I enjoyed watching this documentary. I never considered the role of the designer in making objects that we use on a daily basis. It seems to me that these designers are making sculptures instead of tools, appliances, gadgets or furniture. It's like they are making artwork for us to enjoy by not just looking at it, but by using it and possibly making our life better or easier.

HELVETICA

Helvetica is a documentary by Gary Hustwit. He tells the history of this typeface by having different font and graphic designers tell their feelings and opinions of Helvetica. Most designers believe that Helvetica is a modern, clean type that is good for anything. There are some graphic designers that pretty much only use this typeface. This font is believed to have the best figure-ground relationship that is properly executed. According to many of these designers, Helvetica says accessible, accountable, nonthreatening and transparent. It is well rounded with a perfect balance of push and pull. Some say that it is the typeface of capitalism and socialism. "There is a fine line between simple, clean, powerful and simple, clean, boring."

Helvetica, meaning Swiss typeface, was designed by Max Miedinger with Eduard Hoffmann at the Haas'sche Schriftgiesserei in Munchenstein, Switzerland. Eduard Hoffmann wished to make a traditional font . Helvetica is seen all over the place in signs, logos and posters.

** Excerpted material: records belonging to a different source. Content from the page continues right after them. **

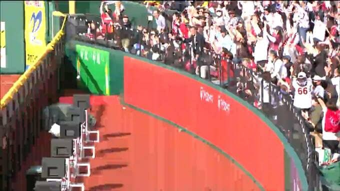 早川投手の好投に応えたい楽天は5回、ランナー1,2塁で打席立ったYG安田選手が、2026年に新設された外野フェンスの超える、楽天として初となるホームランゾーンへの一発で3点を追加。
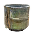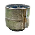 Strukturierte Keramiktasse mit geschichteter Aschgrün- und Kobaltblau-Glasur, die an eine moosbewachsene Landschaft erinnert. Hergestellt von der niederländischen Keramikerin Tineke van Gils. Handgefertigt und gebrannt mit natürlicher Variation.
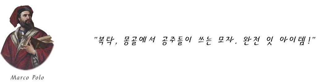 몽골 왕실 여성들은 전장에서 말을 타고 다니며 병사들을 지휘하고 평소 남성들과 레슬링을 할 정도로 무예에도 뛰어났으며 덩치면에서도 남성에게 뒤지지 않았죠. 복식 또한 남녀 차이가 거의 없었기 때문에 높은 모자로 구분을 할 수 있었는데, 복탁을 쓴 그녀들을 멀리서 보면 철모와 무기로 무장한 군인처럼 보였다고 합니다.
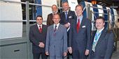 Smiling faces on the KBA stand at Drupa 2008 (l-r): Thomas Lüdi (sales manager, Print Assist), Christian Steiger (plant manager, Langenbach), Hansulrich Brauchli (managing director, Langenbach), Peter J Rickenmann (managing director, Print Assist), Ralf Sammeck (executive vice-president for sheetfed sales, KBA) and Roland Fritz (technical manager, Lande-Langenbach Group)
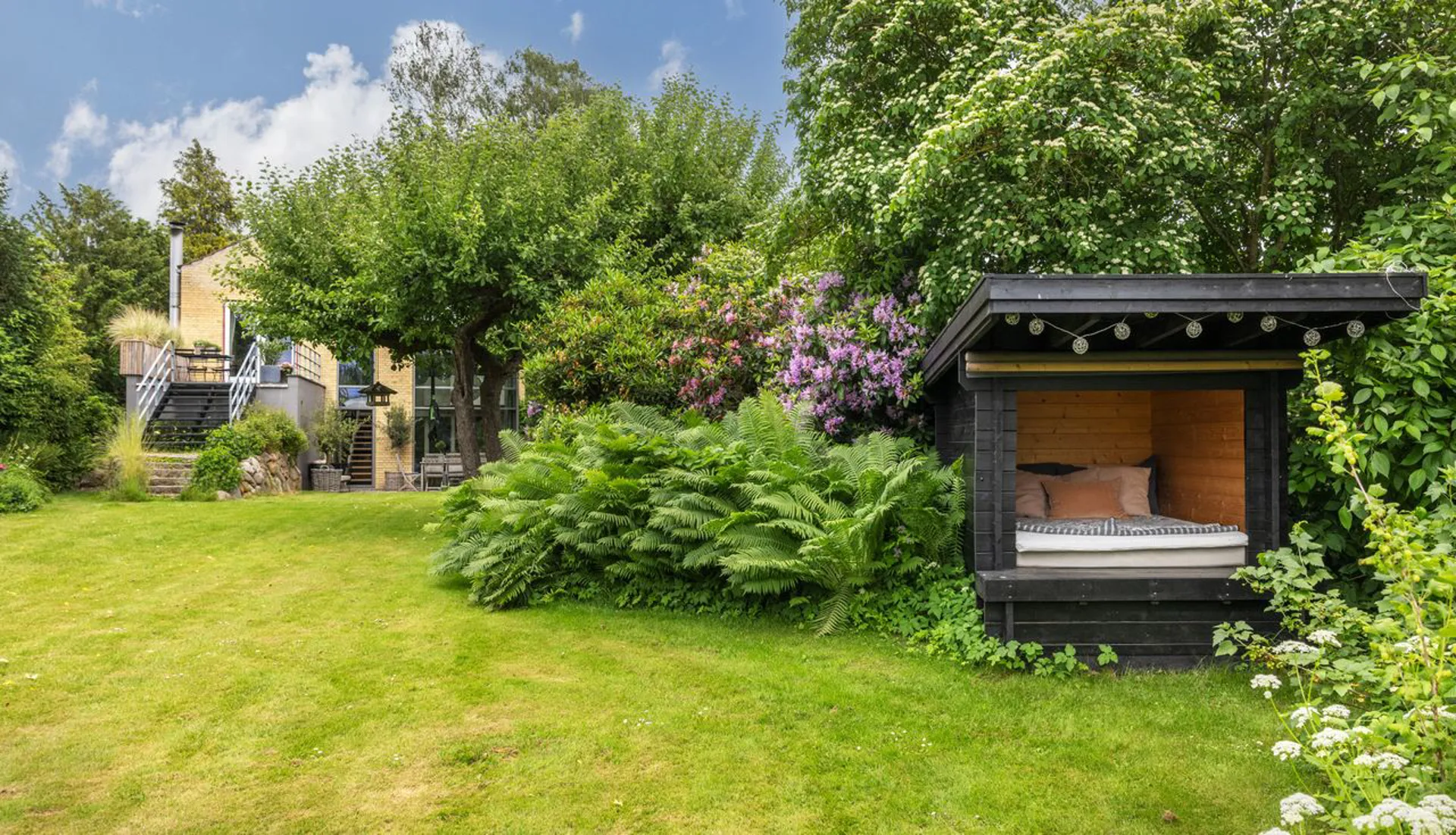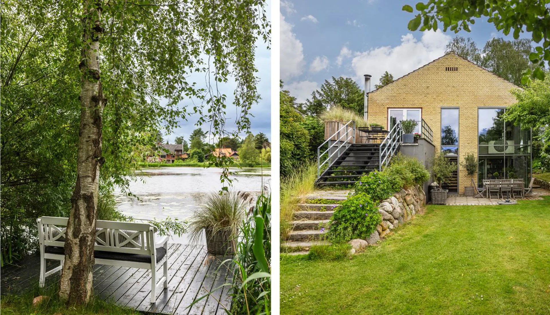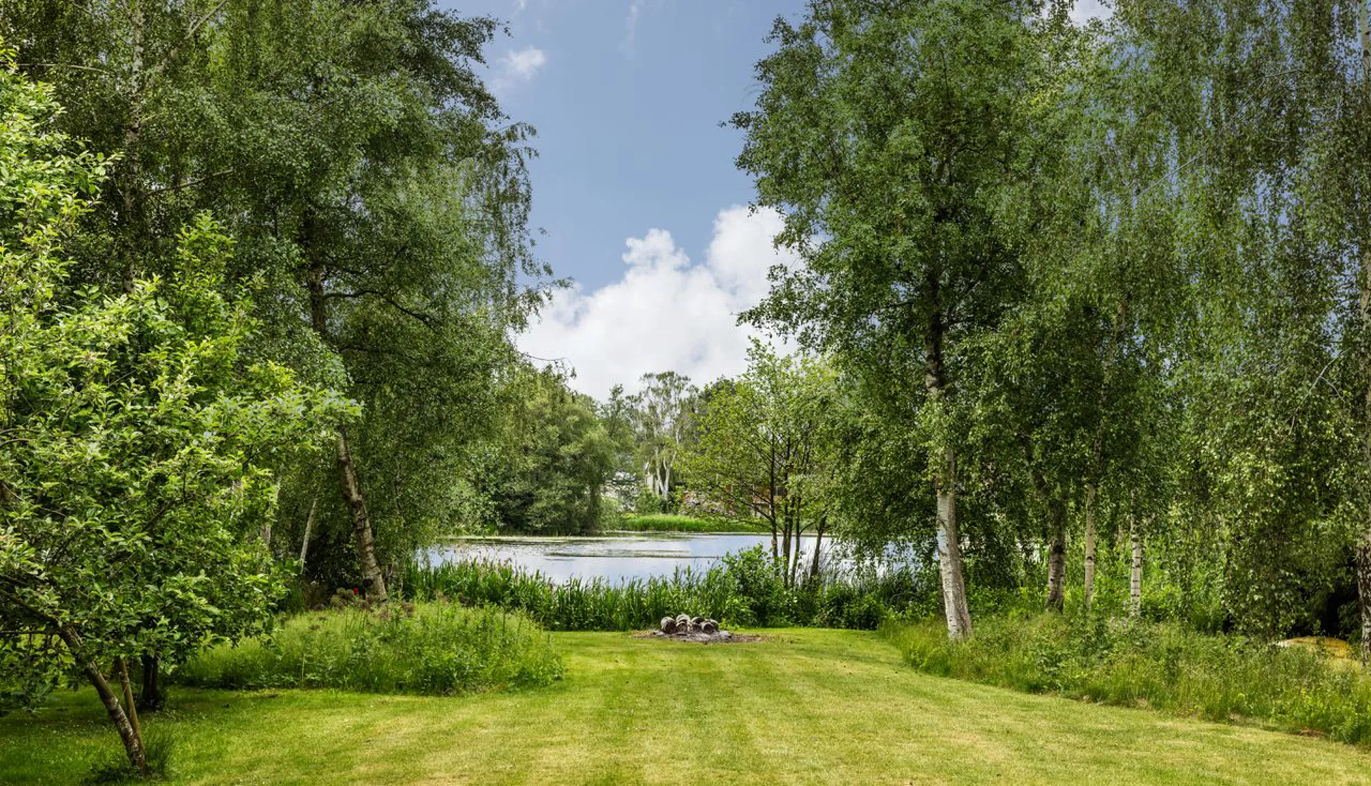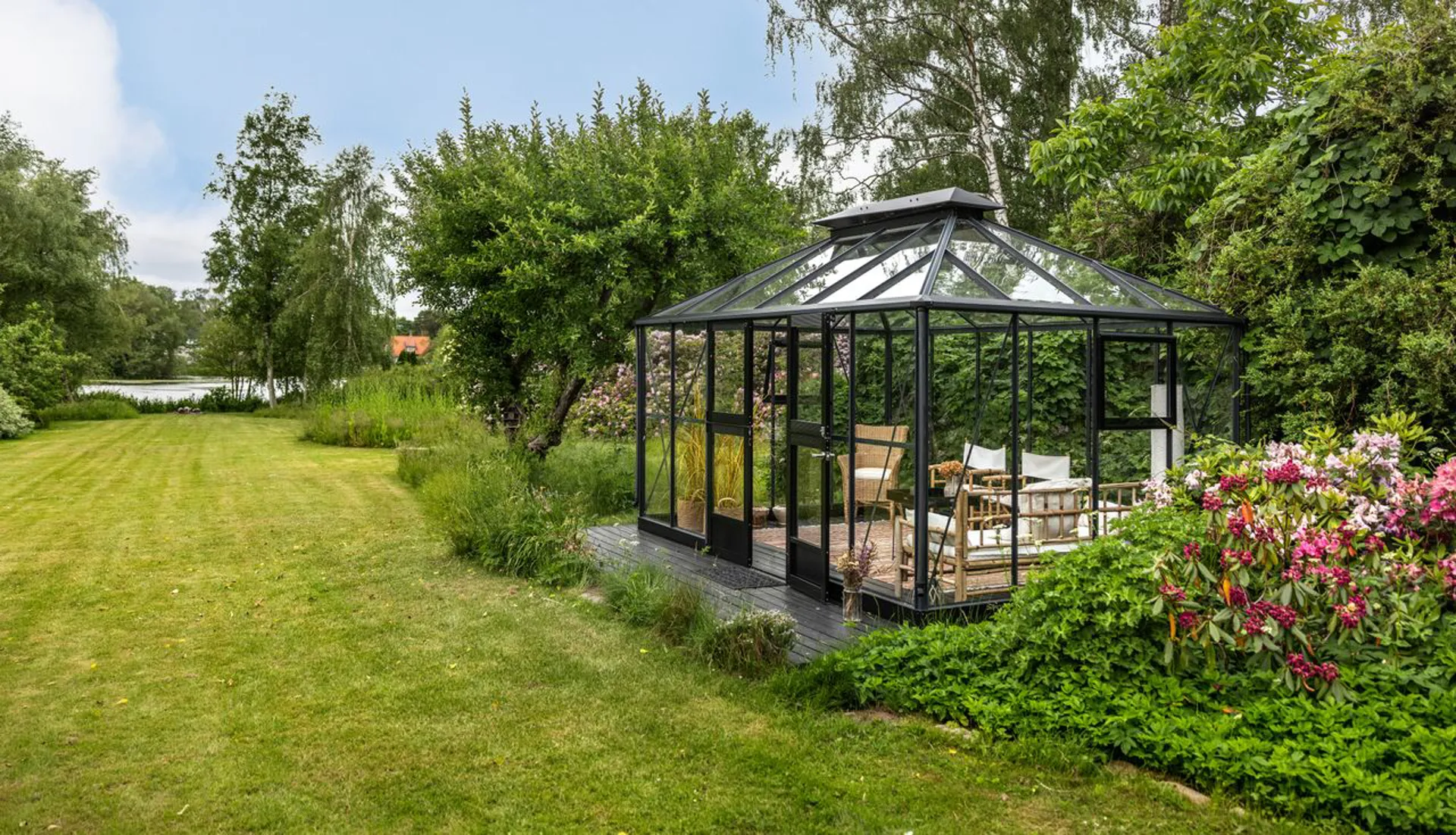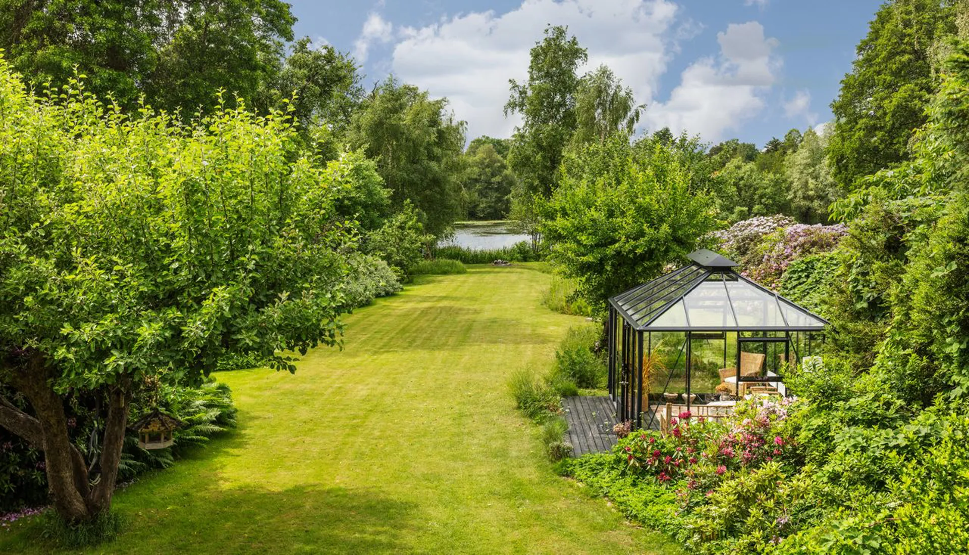 Ejendommen ligger på en ugenert 2.160 m2 stor grund afgrænset af smukke træer, generationsgamle rododendron, frugttræer, stauder og smukke roser på begge sider ned mod søen. Og får man lyst lidt større naturscenerier end den lille pittoreske mose, er både Furesø, Geelskov og Mølleådalen lige i nærheden. Det haveentusiastiske øje vil med det samme bemærke de smukt anlagte haverum, der udstrækker afstanden mellem boligen, og dens omkringliggende terrasseområder, og søbredden, der er smukt markeret med sine slanke siv, bregner og åkander. Et skønt orangeri og en niche med et shelter bryder taktfast det lange ugenerede kig ned gennem grunden.
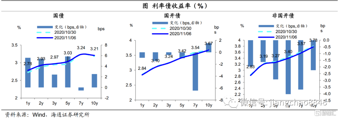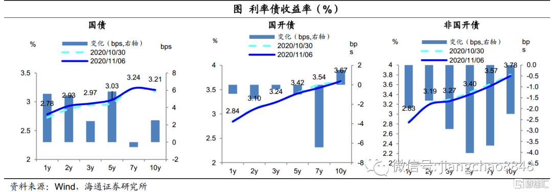 二级市场:上周国债跌、国开涨、非国开大涨。1年期国债收益率上行6BP,10年期国债上行3BP;1年期国开债下行1BP,10年期国开债上行2BP,10年国开隐含税率下行至13%。从曲线位置看,当前国债中短端(3m、1y、3y)配置价值最高,国债和国开收益率曲线中10-5Y均最陡。
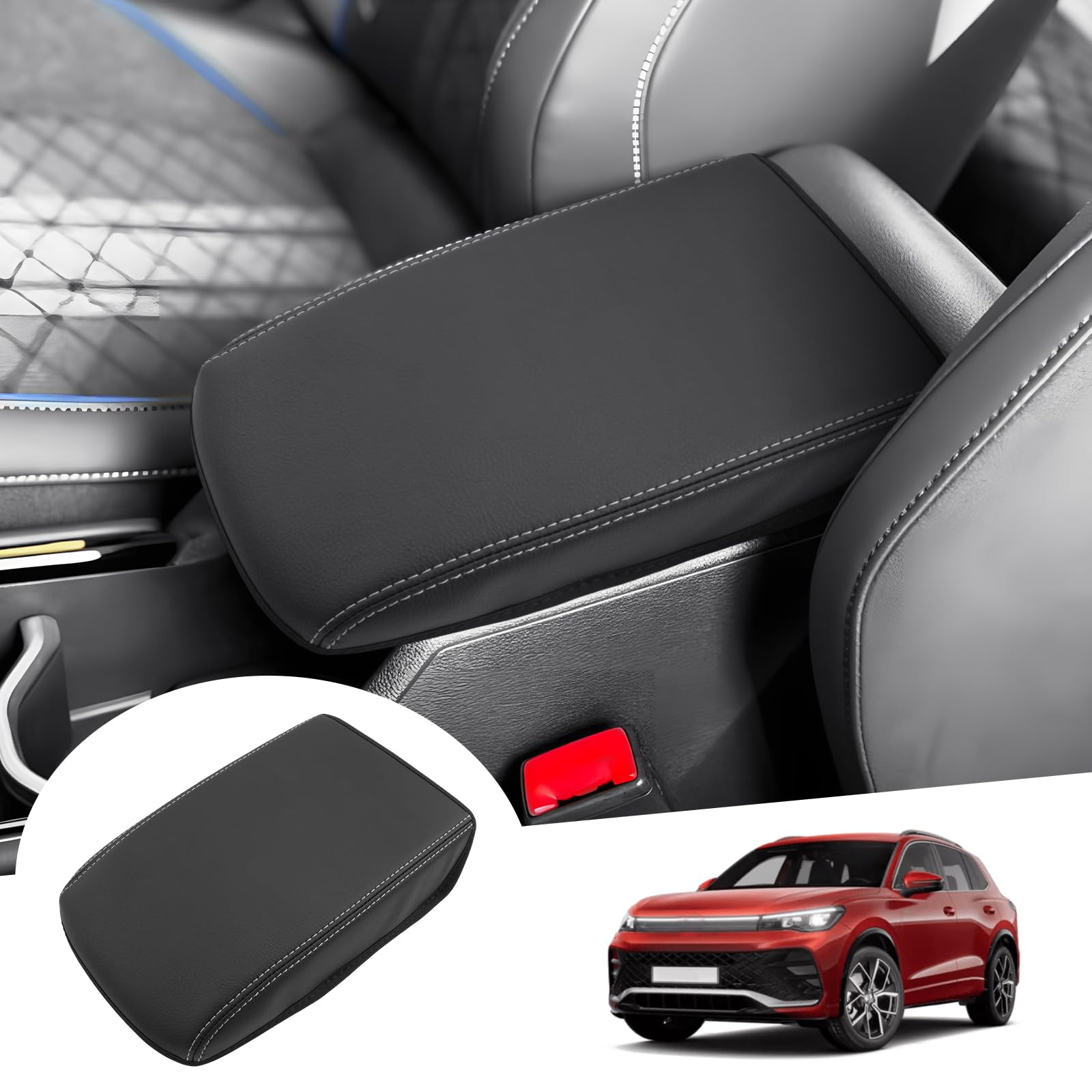 Auto Armlehnen Polster Für VW Tiguan III 2023-2025 | Leder Schutz Mit Taschen - Schwarz
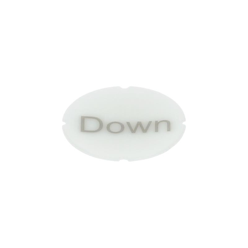 Siemens’in SIRIUS ACT serisinin “Aşağı” yazılı şeffaf 3SU1900-0AB71-0DM0 yazı plakası, SIRIUS ACT ışıklı butonları etiketlemek için kullanılır.
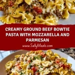 Creamy Ground Beef Bowtie Pasta with Mozzarella and Parmesan
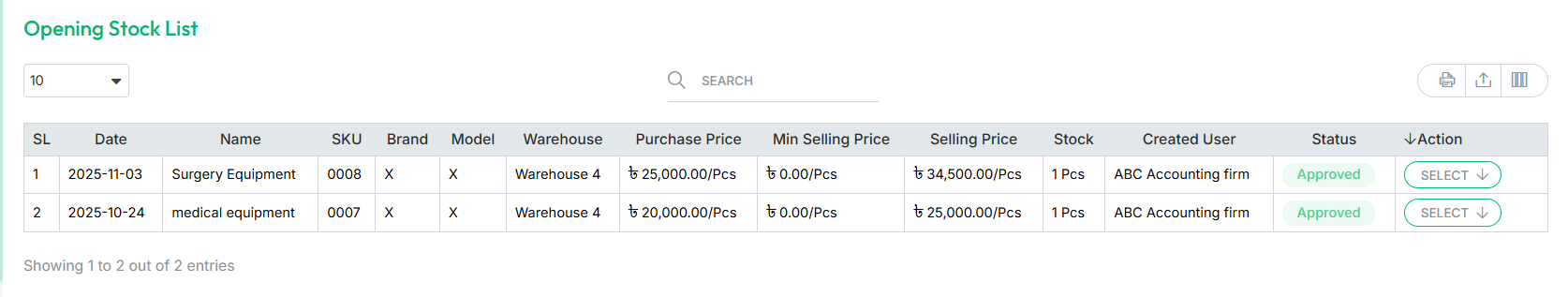 After saving, the product will be listed in the opening stock list.
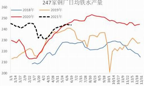 近期相关部门多次召开会议监管大宗商品价格的快速上涨和过度投机,市场价格出现大幅回落,钢材的高利润也再度下滑至盈亏线附近,随着利润的下滑,铁水产量上升趋势也逐渐放缓。随着监管的加强和淡季因素等影响,炼钢利润运行至偏低区域,钢厂淡季自发减产也将逐渐增多,且从季节性角度来看,成材产量上升趋势将逐渐趋缓,下半年大概率逐渐回落。
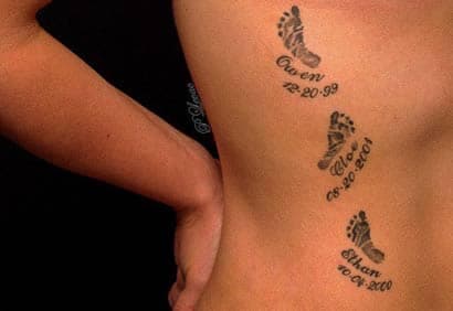 Voici une autre manière de se faire tatouer les prénoms (et les dates de naissance) de nos enfants. Avec leurs petits pieds si mignons! Pinterest: Shana Hardy
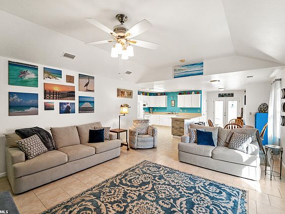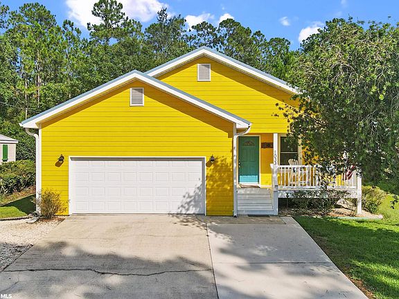 Immaculate home in Spanish Cove! Metal roof! Extra large driveway with plenty of room for an RV. Open concept home that has been well maintained and has a wonderful view of the neighborhood. And it backs up to green space! Fence installed in 2021. Hot water heater new in 2021. HVAC in 2020. Washer and dryer were replaced in May 2023! Shoreline wind rated windows with double strength glass. Storm shutters for all the windows made of a lightweight polycarbonate. Two car attached garage. Hardy board siding. Both bedrooms have walk-in closets. Large master bath. 14x24 workshop with roll up door and a ramp. Located in the highly sought after community of Spanish Cove. Spanish Cove has amenities including: Pool by the bay that is heated during the winter, private security, trash service included in dues, Private Bay access and fishing pier, community activities, club houses and so much more. Spanish Cove is also a golf cart community! 15 min to Perdido Key beach and 20 min to Foley. Shopping 15 min away (grocery 5 min). Pensacola is a short trip. Lillian is nestled in between Orange Beach and Perdido Key. An Oasis away from tourism, but close to the beaches!!!!
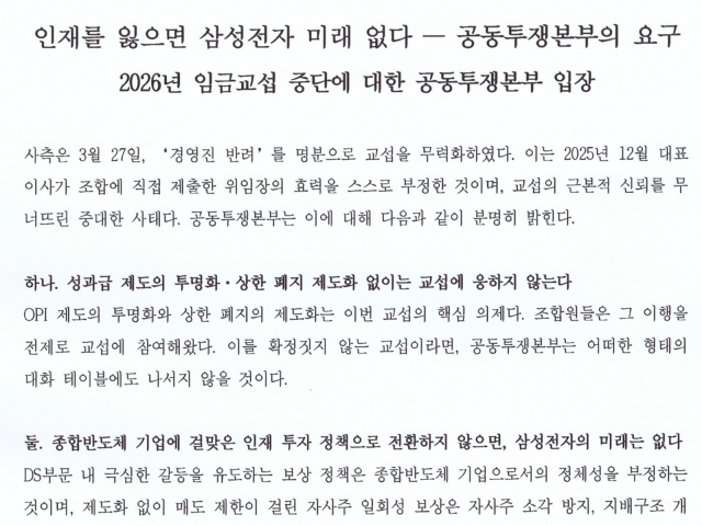 지난달 31일 삼성전자 노동조합 공동투쟁본부가 공개한 입장문 가운데 일부.
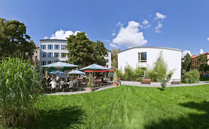 El hotel es el edificio más espectacular del campus, protegido como monumento y conocido en Berlín. El hermoso edificio de estilo neorrenacentista fue construido en 1902 como una casa de baños públicos, más sobre arquitectura e historia.

"Erik Spiekermann, born 1947, studied History of Art and English in Berlin. He is information architect, type designer (FF Meta, FF MetaSerif, ITC Officina, FF Govan, FF Info, FF Unit, LoType, Berliner Grotesk and many corporate typefaces) and author of books and articles on type and typography. He was founder (1979) of MetaDesign, Germany's largest design firm with offices in Berlin, London and San Francisco. Projects included corporate design programmes for Audi, Skoda, Volkswagen, Lexus, Heidelberg Printing and way finding projects like Berlin Transit, Düsseldorf Airport and many others. In 1988 he started FontShop, a company for production and distribution of electronic fonts." Erik Spiekermann feels that this font is overused and does not make the product or company unique or stand out. He was the only one or one of the very few from the documentary that was not singing the praises of this well balanced typeface.